Quase metade dos recrutas do primeiro batalhão do novo Exército iraquiano renunciou a seus cargos depois do que parece ser uma polêmica a respeito de salários.

Autoridades que trabalham junto com a coalizão liderada pelos Estados Unidos no país afirmam que 300 dos 700 membros do batalhão se rebelaram e se recusaram a obedecer ordens de seus superiores.

Eles exigem um salário maior do que o da polícia porque, ao contrário dos policiais, eles precisam morar em quartéis.

Estes recrutas estavam se preparando para efetuar serviços nas fronteiras e em postos de fiscalização em algumas semanas.

Novo exército

O governo americano planeja constituir um novo Exército iraquiano com 40 mil homens até outubro.

''Estamos sabendo que um terço do batalhão aparentemente renunciou aos cargos'', disse o porta-voz do Pentágono, James Cassela.

''Estamos analisando a situação para assegurar que possamos recrutar e reter pessoal de alta qualidade para o novo Exército iraquiano'', afirmou.

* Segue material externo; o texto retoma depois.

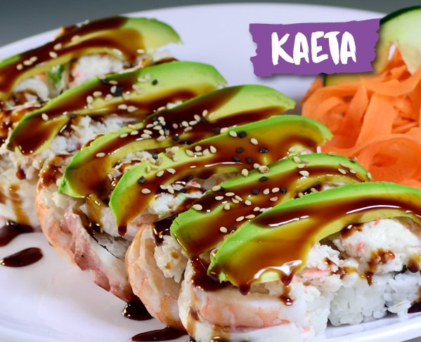 Relleno: aguacate, philadelphia, pepino y camaron Afuera: pasta tampico Arriba: salsa de anguila, aguacate y ajonjolí
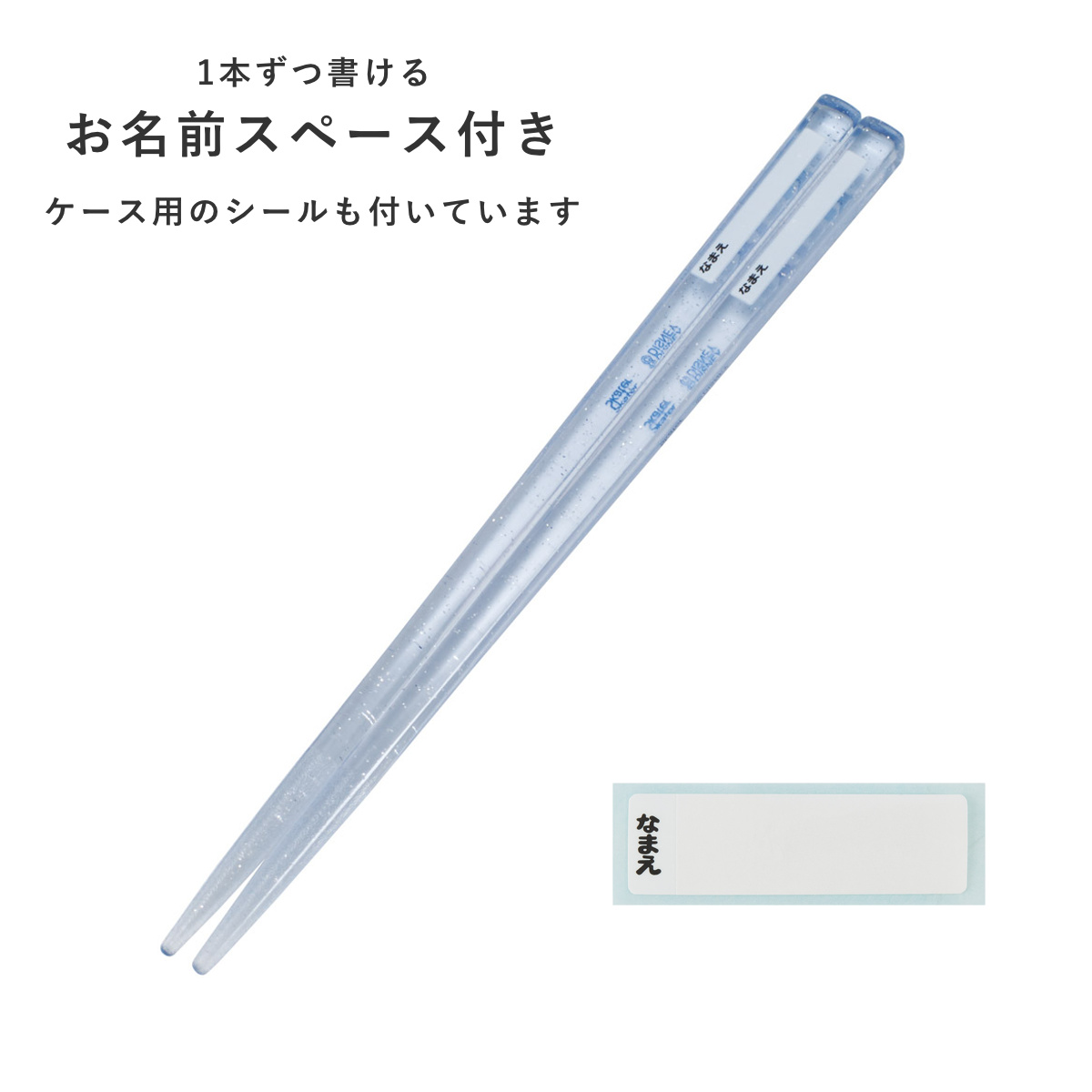 お箸には1本ずつ名前を書き込める名前スペースがあります。ケース用のシールも付いています。
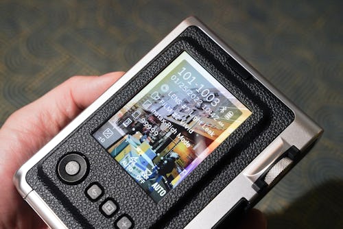 On my first go, I pulled the Instax Mini Evo up to my eye only to realize there is no optical viewfinder below the cold shoe or in the corner like it is in every Mini Instax camera. It took a few shots to break the reflexive habit. I'm glad there's no viewfinder; the ones on other Instax cameras are always off with the framing (usually to the left or right). The LCD is always accurate — what you see is exactly what you get. The buttons beneath the screen are all self-explanatory. Now, the lens ring and effects dial — this is where the fun is.

Além de um salário considerado baixo – US$ 60 por mês (cerca de R$ 176) – o moral entre os recrutas está abalado porque alguns soldados teriam recebido ameaças de morte em suas cidades natais.

Um segundo batalhão do novo exército iraquiano ainda está em treinamento.

O governo americano, que está mantendo cerca de 130 mil soldados no país, está tentando passar as tarefas ligadas à segurança para os iraquianos.